German politician (born 1951)

Reimer Böge (born 18 December 1951) is a German politician who served as Member of the European Parliament (MEP) from 1989 until 2019. He is a member of the Christian Democratic Union of Germany, part of the European People's Party.

==Member of the European Parliament, 1989–present==
Böge served as vice-chair of the Delegation for relations with Australia and New Zealand, member of the Committee on Budgets and the Special committee on the policy challenges and budgetary resources for a sustainable European Union after 2013 and substitute of the Committee on Foreign Affairs and the Delegation for relations with Japan. In addition, he was standing rapporteur on policy challenges and budgetary means of the enlarged Union 2007–2013.

Böge served as vice-chairman of the Budget Committee and the Parliament's lead negotiator on the EU's financial framework for 2007–13; under his stewardship, the Parliament got an extra €4 billion and the chance to vote on the budget review. He later chaired the Budget Committee from 2007 to 2009, when he was succeeded by Alain Lamassoure. In 2010, he drafted the Parliament's legislative bill on the extra financing needs of €1.4 billion for the International Thermonuclear Experimental Reactor (ITER). Also in 2010, he joined the Friends of the EEAS, an unofficial and independent pressure group formed because of concerns that the High Representative of the Union for Foreign Affairs and Security Policy Catherine Ashton was not paying sufficient attention to the Parliament and was sharing too little information on the formation of the European External Action Service.

In 2009, Böge was a CDU delegate to the Federal Convention for the purpose of electing the President of Germany.

In June 2013, Böge resigned as the EPP group's budget negotiator in protest at an initial compromise deal between the European Parliament, the European Commission under the leadership of José Manuel Barroso and the European Council on a €960 billion budget for 2014–20. Alongside Pervenche Berès, he currently serves as rapporteur on the European Parliament's report on a budgetary capacity for the eurozone.
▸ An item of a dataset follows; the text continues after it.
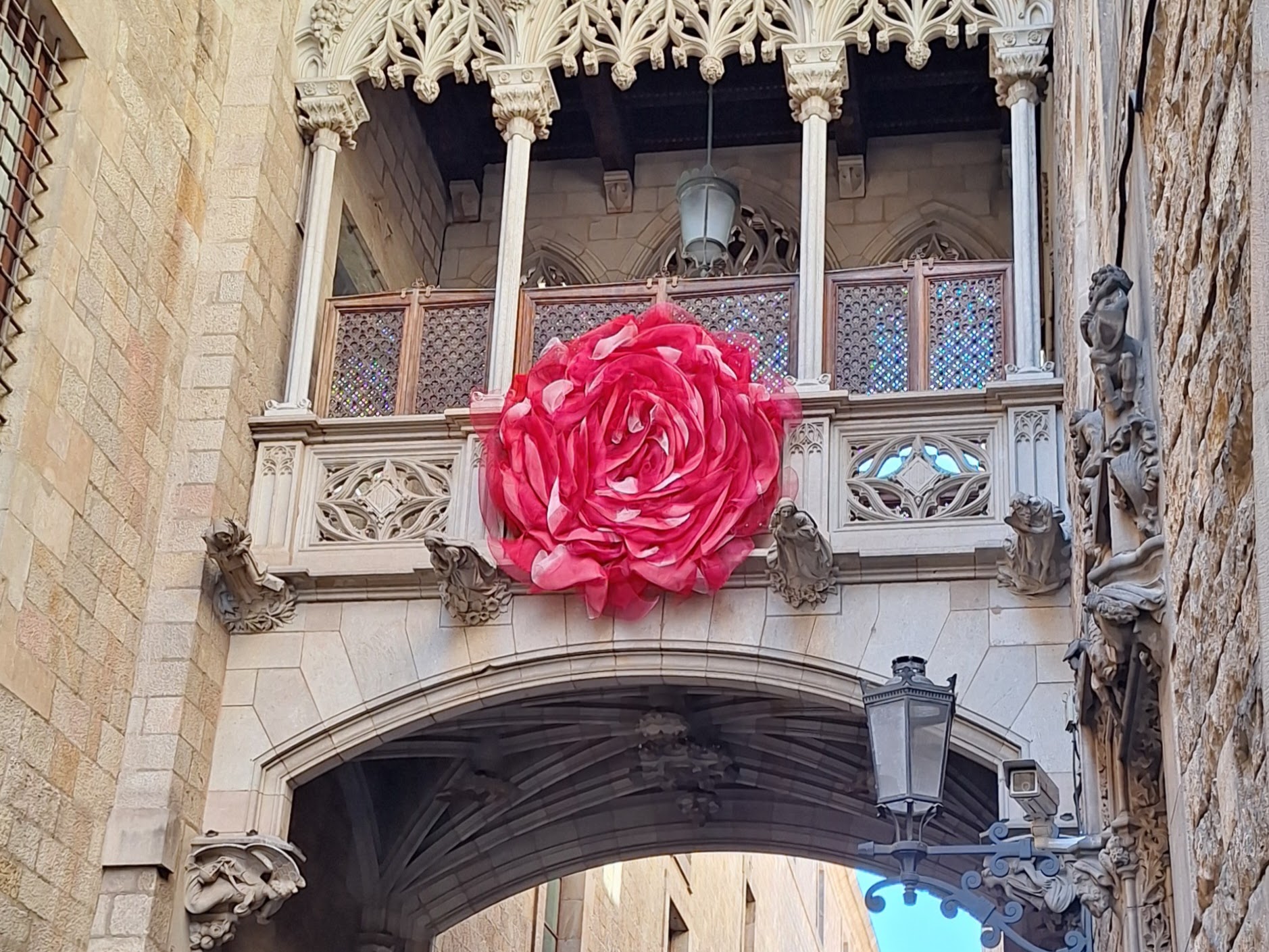 Die Brücke verbindet den Palau de la Generalitat, den Sitz der katalanischen Regionalregierung, mit der Casa dels Canonges, der Residenz des Präsidenten – ursprünglich das Kanonikerhaus für die hohen Klerikalen der Kathedrale.

In September 2017, Reimer announced that he would not stand in the 2019 European elections but instead resign from active politics by the end of the parliamentary term.

==Other activities==
===Corporate boards===
- Vereinigte Tierversicherung Gesellschaft a. G., member of the supervisory board

===Non-profit organizations===
- German Animal Breeders Federation (ADT), president
- Conseil Européen des Jeunes Agriculteurs, president (1977–80)
- German Federation of Rural Youth (BDL), deputy chairman (1973–77)

==Recognition==
- Medal of Exceptional Offer to the Republic of Cyprus

==Personal life==
Böge and his wife, who is from Cyprus, live in Hasenmoor.